As opposed to the 8086 which offered only one operating mode, the 80286 actually incorporated two: A backward compatible 8086 operating mode called Real-Mode and a secondary advanced mode called Protected-Mode.

Protected-mode allowed the 80286 to exploit its 24-bit address bus and thus access up to 16MB of physical memory. Unfortunately, DOS applications could not be easily ported to protected-mode since it was incompatible with the 8086 implementation for which DOS had been developed. This fact among others made protected-mode unattractive to software developers of the time.

Added to this was the fact that it was impossible to return gracefully back to real-mode once you switched the processor into protected-mode. The only way for doing so was by resetting the processor - a highly time consuming operation. It seems that Intel engineers assumed that once you were running in protected-mode, you'll never want to go back to a lowly real-mode environment. Another deficiency of the 80286 was related to the maximum size of segments. Although protected-mode gave the processor an ability to access its entire address space, memory access was not linear but had to be done using segments. The maximum size allowed for each segment was 64KB (much the same as on the 8086).

In view of the limitations of the 80286 design, Intel released its next innovation known as the 80386. The 80386 was highly superior to its predecessors. A 32-bit address bus replaced the old 24-bit bus of the 80286 giving the user a total of 4GB physical address space, a third operating mode dubbed Virtual-Mode was implemented to support execution of old 8086 code while still running in a protected-mode environment, and, last but not least, Paging support was added.
The 80386 formed the basis for the following protected-mode implementations on the 80486, Pentium and Pentium Pro processors.

As you can see, the protected-mode architecture incorporates many advanced features and solves the memory constraint enforced by the old 8086 design.
Let's cover each of these features with some more detail:

Memory Management

Memory management is a mechanism which provides operating systems powerful capabilities such as segmentation and paging.

The first incarnation of the segmentation unit found on the 8086 processor had only one purpose - to serve as a gateway for a 1MB physical address space. Intel's decision to keep the segmentation unit alive and kicking under protected-mode was largly influenced by the desire to retain compatibility and ease porting of old applications to the new environment.
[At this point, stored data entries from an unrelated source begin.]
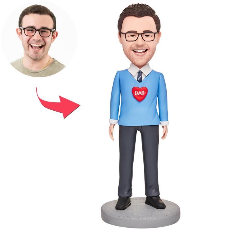 Father's Day Gift Dad in Blue Custom Bobblehead with Engraved Text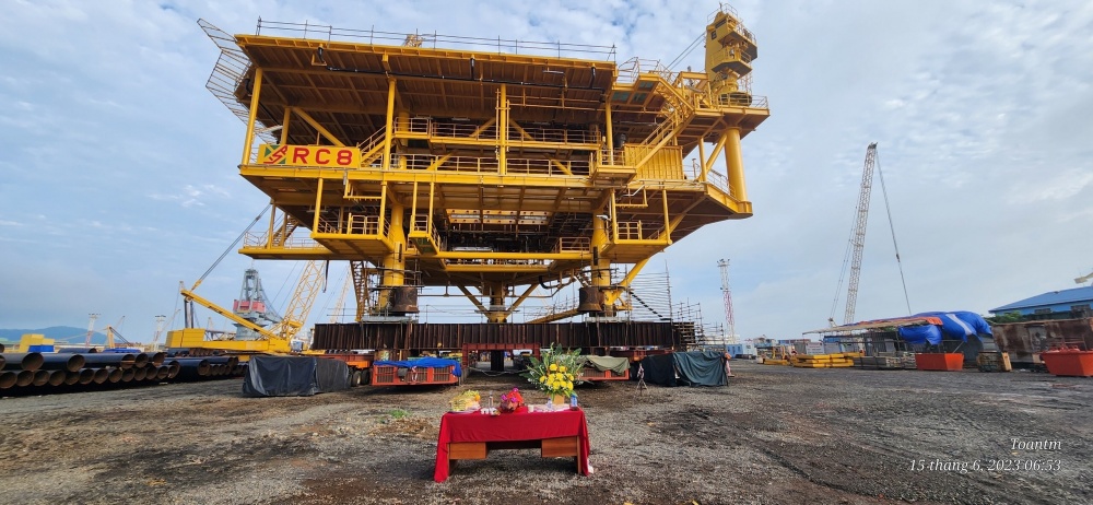 Tác phẩm dự thi "Petrovietnam trong tôi": Bộ ảnh "Thi công lắp đặt Topside RC8 của Xưởng biển - Xí nghiệp Xây lắp Khảo sát & Sữa chữa các công trình dầu khí – VIETSOVPETRO", tác giả Đồng Hoàng Đức (Vietsovpetro)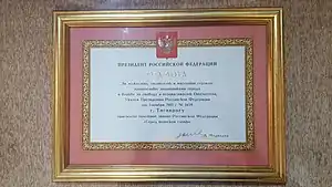 36. "Russian President Dmitry Medvedev presented the certificate conferring the title of City of Military Glory title to the Mayor of Taganrog". taganrogcity.com. February 24, 2012. Retrieved February 24, 2012.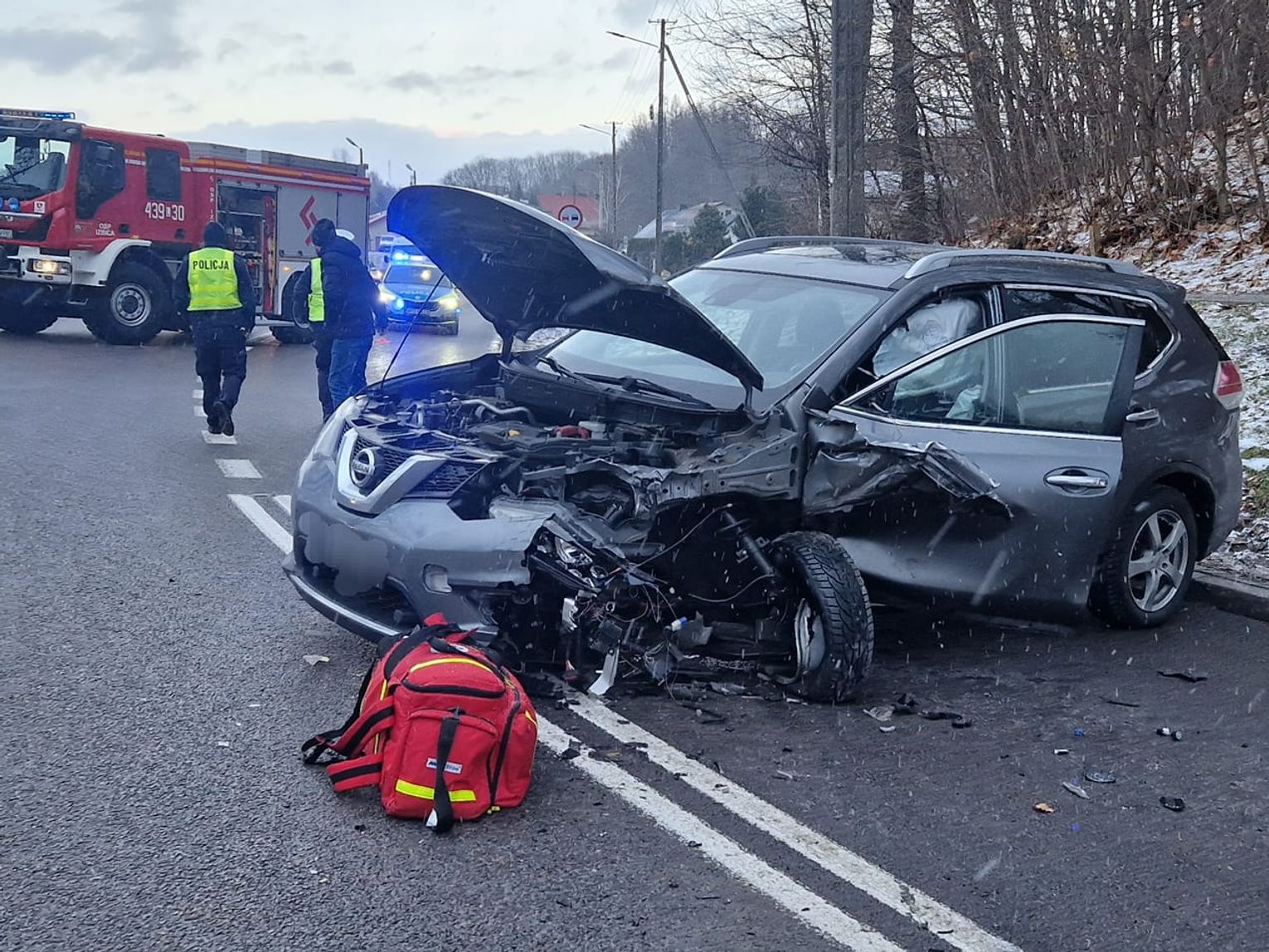 Zderzyły się osobowy nissan x-trail z pojazdem ciężarowym. Obecnie droga jest w tym miejscu nieprzejezdna. Ruch ciężarowy został całkowicie wstrzymany.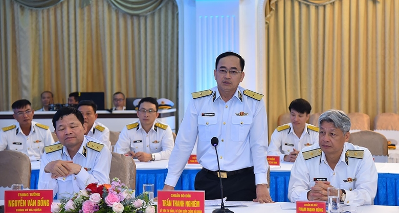 Chuẩn Đô đốc Trần Thanh Nghiêm phát biểu tại buổi làm việc.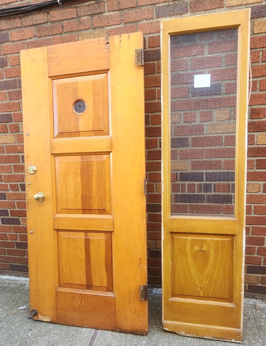 Selling a set of two vintage OAK wooden doors. They have a beautiful, classic design and could be a great addition to your home or project. One door has a unique star-shaped handle, and the other has a glass panel. Please note that they show signs of wear consistent with their age . Locks and some of the moldings/ frame also available at night additional cost.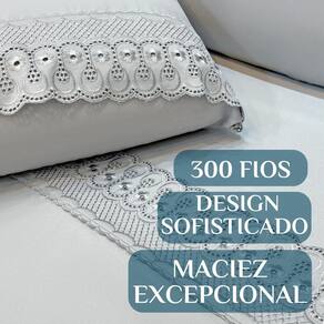 Jogo Cama Box Queen Lily 300 Fios Bordado Inglês Extra Macio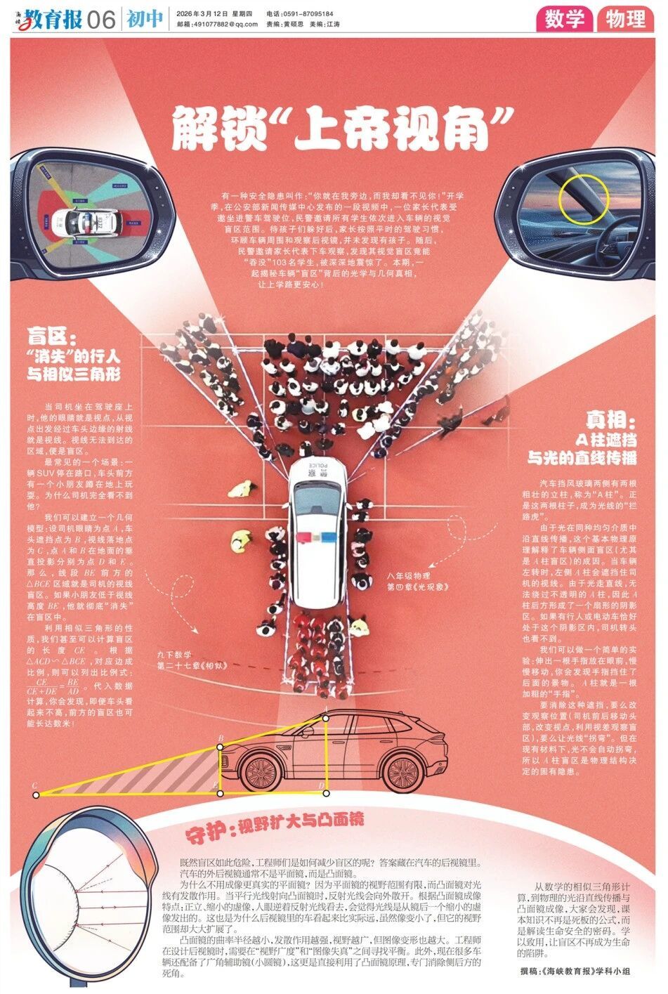 解锁“上帝视角” 103名学生 竟能“消失”在警车的 视觉盲区里? 揭秘盲区背后的 光学与几何真相 让上学路更安心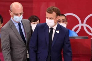 Jean-Michel Blanquer et Emmanuel Macron à Tokyo pour les JO, le 24 juillet. (Philippe Millereau/KMSP via AFP)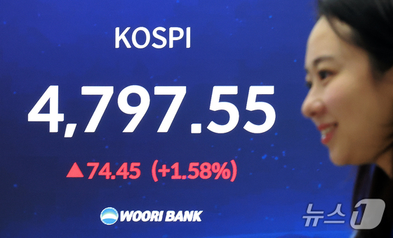 코스피가 연일 사상 최고치를 경신한 15일 서울 중구 우리은행 본점 딜링룸 현황판에 종가가 표시되고 있다. 이날 코스피는 전 거래일 대비 74.45포인트(1.58%)상승한 4,797.55로 장을 마쳤다. 2026.1.15/뉴스1 © News1 이호윤 기자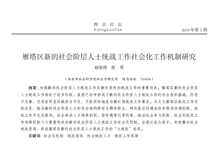 雁塔区新的社会阶层人士统战工作社会化工作机制研究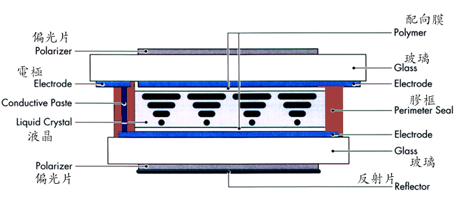 - โครงสร้างหลักของ LCD ประกอบด้วยวัสดุที่เคลือบอย่างแม่นยำหลายชนิด รวมถึงโพลาไรเซอร์ อิเล็กโทรด แผ่นนำไฟฟ้า ผลึกเหลว ฟิล์มปรับตำแหน่ง พื้นผิวแก้ว ซีลขอบ และตัวสะท้อนแสง แต่ละชั้นวัสดุทำหน้าที่เฉพาะ: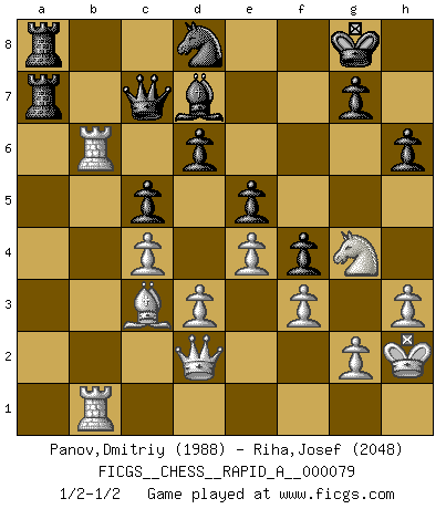 Last move : 1/2-1/2 2010 April 22 18:46:29 [Event "FICGS__CHESS__RAPID_A__000079"] [Site "FICGS"] [Date "2010.03.26"] [Round "1"] [White "Panov,Dmitriy"] [Black "Riha,Josef"] [Result "1/2-1/2"] [WhiteElo "1988"] [BlackElo "2048"] 1.e4 e5 2.Nf3 Nc6 3.Bc4 Nf6 4.d3 Be7 5.O-O O-O 6.c3 d6 7.Bb3 Na5 8.Bc2 c5 9.Nbd2 Nc6 10.h3 h6 11.Re1 Be6 12.Nf1 Qc7 13.Ne3 Rad8 14.c4 a6 15.Nd5 Qd7 16.Ba4 Rb8 17.Nxe7+ Qxe7 18.Bxc6 bxc6 19.b3 Nd7 20.Bd2 f5 21.Qe2 f4 22.Rab1 Bf7 23.Nh2 Nf6 24.a3 Rb7 25.Bc3 Bh5 26.f3 Rfb8 27.Qc2 Qc7 28.Rb2 Nd7 29.Reb1 a5 30.Qd2 Ra7 31.b4 cxb4 32.axb4 axb4 33.Bxb4 c5 34.Bc3 Rba8 35.Ng4 Bf7 36.Qc2 Nb8 37.Nf2 Nc6 38.Qd2 Be8 39.Kh2 Bd7 40.Ng4 Nd8 41.Rb6 1/2-1/2 Two knights defense (Modern Bishop's Opening) Kingside Castling by player White (move 5) Kingside Castling by player Black (move 5) This chess game ended in a draw. Follow this game move after move (download)The tactician knows what to do when there is something to do; whereas the strategian knows what to do when there is nothing to do. (Gerald Abrahams) Das Schachspiel übertrifft alle anderen Spiele so weit wie der Chimborasso einen Misthaufen. (Arthur Schopenhauer) En un gambito tu regalas un Peón por el bién de tomar un juego perdido. (Samuel Standige Boden) Ne tendez aucun piège pour le plaisir ! Ne jouez rien dans l'espoir que l'adversaire réagisse de façon stupide ! Prenez toujours pour acquis que l'adversaire va trouver le meilleur coup ! Ne jouez jamais de coup dans l'espoir que l'adversaire ne voie pas la menace ! Chacun de vos coups doit améliorer la position d'une façon ou d'une autre. There are three kinds of lies: lies, damned lies and statistics. (Mark Twain)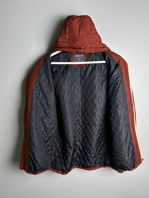 کیفیت و کارایی: داخل کاپشن، به خصوص در بخش کلاه، دارای آستر دوزی لوزیشکل (Quilted Lining) به رنگ سرمهای یا مشکی است. این لایه دوزی نشاندهنده وجود عایق حرارتی است که گرمای بدن را به خوبی حفظ میکند. وجود کلاه متصل با بندهای تنظیمکننده و یقه ایستاده، محافظت کاملی در برابر باد و سرما برای گردن و سر فراهم میکند. همچنین، دو جیب زیپدار در طرفین تعبیه شده که برای گرم نگهداشتن دستها و حمل ایمن وسایل کوچک بسیار کاربردی است.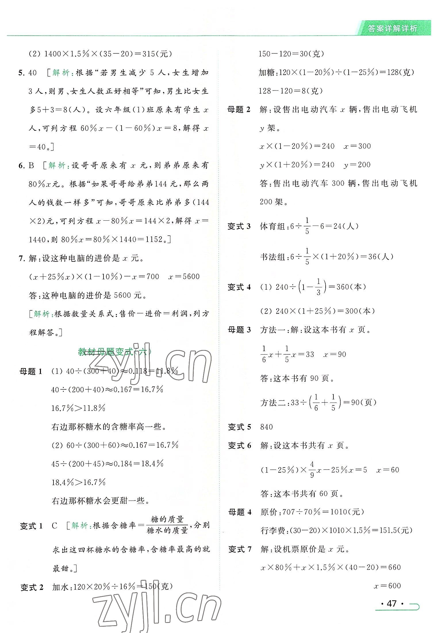 2022年亮点给力提优课时作业本六年级数学上册江苏版参考答案第47页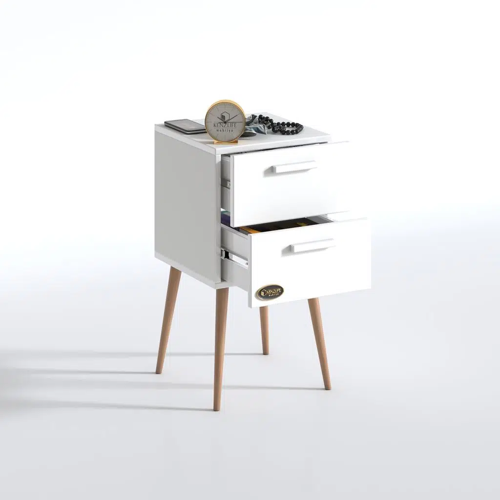 Kenzlife komodin donatur byz 74*39*39 çift çekmeceli ahşap ayaklı komidin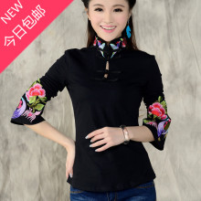 云南民族风 复古绣花 时尚小立领 盘扣 修身 棉T恤 长袖大码女T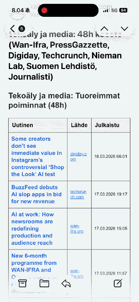Olet ehkä huomannut, että erilaisten uutiskoosteiden pyytäminen tekoälypalveluilta suoraan ei aina johda laadullisesti kummoisiin lopputuloksiin (vaikka esimerkiksi ChatGPT:n agenttitila & ajastus -kombo on tässä parhaimmillaan hyödyllinen). Lopputulos tuppaa horjumaan etenkin silloin, jos halutaan seurata juuri tiettyjä lähteitä juuri tietyin väliajoin juuri tietyllä tavalla.
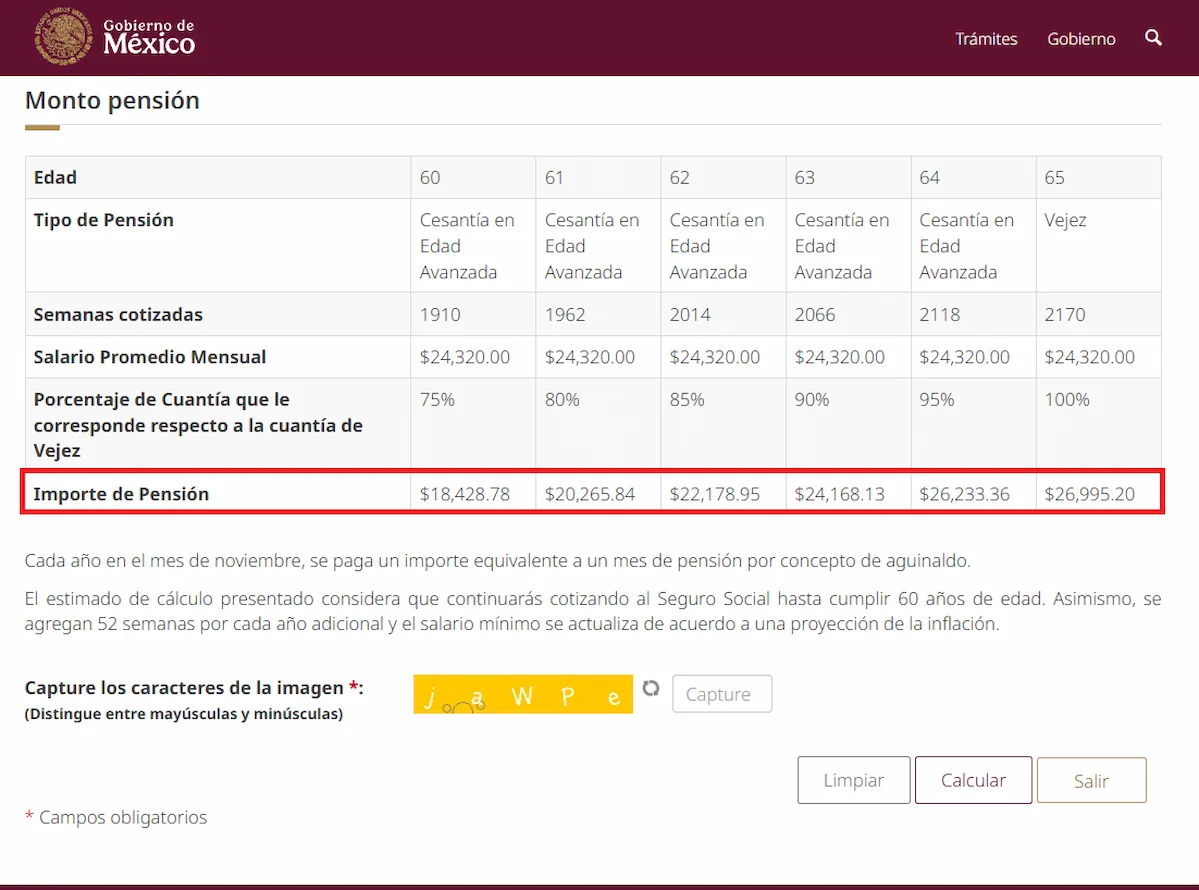 El resultado asume que continuarás cotizando al IMSS.

Under protected-mode there are no longer fixed sized segments equally spaced in memory, but instead, the size and location of each segment is set in an associated data structure called a Segment Descriptor. When accessing memory, all memory references are relative to the base address of their corresponding segment. This makes relocation of program modules fairly easy since there is no need for the operating system to perform code fix-ups when it loads applications into memory.

With paging enabled, the processor adds an extra level of indirection to the memory translation process. By using special look-up tables in memory, the processor fakes each application into thinking as if it owns the entire 4GB address space. Instead of serving as a physical address, an application-generated address is used by the processor to index one of its look-up tables. The corresponding entry in the table contains the actual physical address which is sent to the processor address bus (This is a rather simplified description of the process). The name "paging" was chosen since this indirection mechanism cannot be applied to individual bytes but rather to 4KB chunks (or pages) of memory. Through the use of paging, operating systems can create distinct address spaces for each running application thus simplifying memory access and preventing potential conflicts.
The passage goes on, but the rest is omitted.